The Web Schema system enables NLP2CMD to understand and interact with real websites by extracting their UI structure and converting natural language commands into browser automation actions.
The system uses Playwright to extract interactive elements from websites:
nlp2cmd web-schema extract https://github.com --headless
Extracted schemas contain:
github.com)
google.com)
amazon.com)
# Extract schema from any website
nlp2cmd web-schema extract https://example.com --headless
# The schema will be saved to:
# command_schemas/sites/example.com.json
The SiteExplorer provides automatic discovery of forms and content across entire websites, even when they’re not on the initially loaded page.
from nlp2cmd.web_schema import SiteExplorer
explorer = SiteExplorer(max_depth=2, max_pages=10)
# Find contact forms
result = explorer.find_form("https://example.com", intent="contact")
if result.success:
print(f"Found form at: {result.form_url}")

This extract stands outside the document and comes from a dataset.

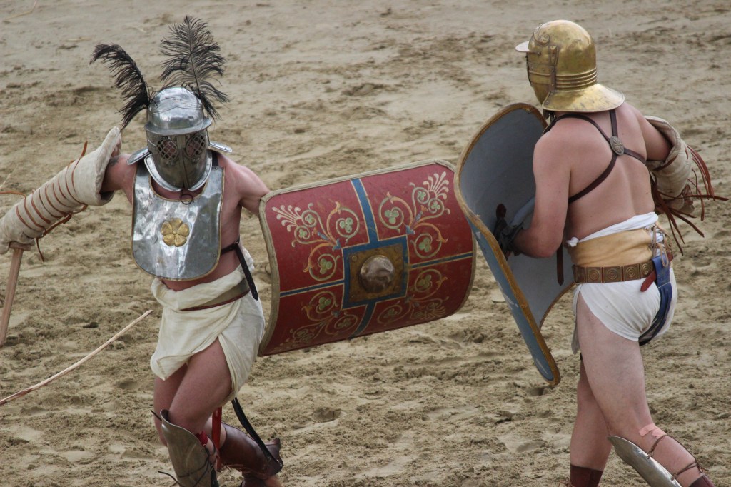 Hier versucht man den Besuchern zu vermitteln, dass Gladiatorenkämpfe kein primitives „Abmetzeln“ zum Gaudium der Bevölkerung waren, sondern sportliche Wettkämpfe, die einem strikten Regelwerk folgten, wenngleich sie auch tödlich enden konnten. Die Schaukämpfe an diesem Tag sind echt und nicht abgesprochen. Gekämpft wird allerdings mit Holzwaffen, wie dies auch in der Antike zu Trainingszwecken und bei den Morgenkämpfen der Fall war.

# Automatically navigated to contact page
# Find content pages
result = explorer.find_content(
"https://example.com",
content_type="article" # or "product", "docs"
)
# Universal exploration with intent detection
result = explorer.explore(
"https://example.com",
"find pricing information" # Auto-detects "product" intent
)
When using CLI with -r flag, form discovery happens automatically:
# If form not on main page, SiteExplorer searches the site
nlp2cmd -r "wejdź na maskservice.pl i wypełnij formularz kontaktu"
# Output:
# 🔍 Exploring site for contact form...
# ✓ Found form at: https://www.maskservice.pl/en/contact
# Form submitted via: input[type="submit"]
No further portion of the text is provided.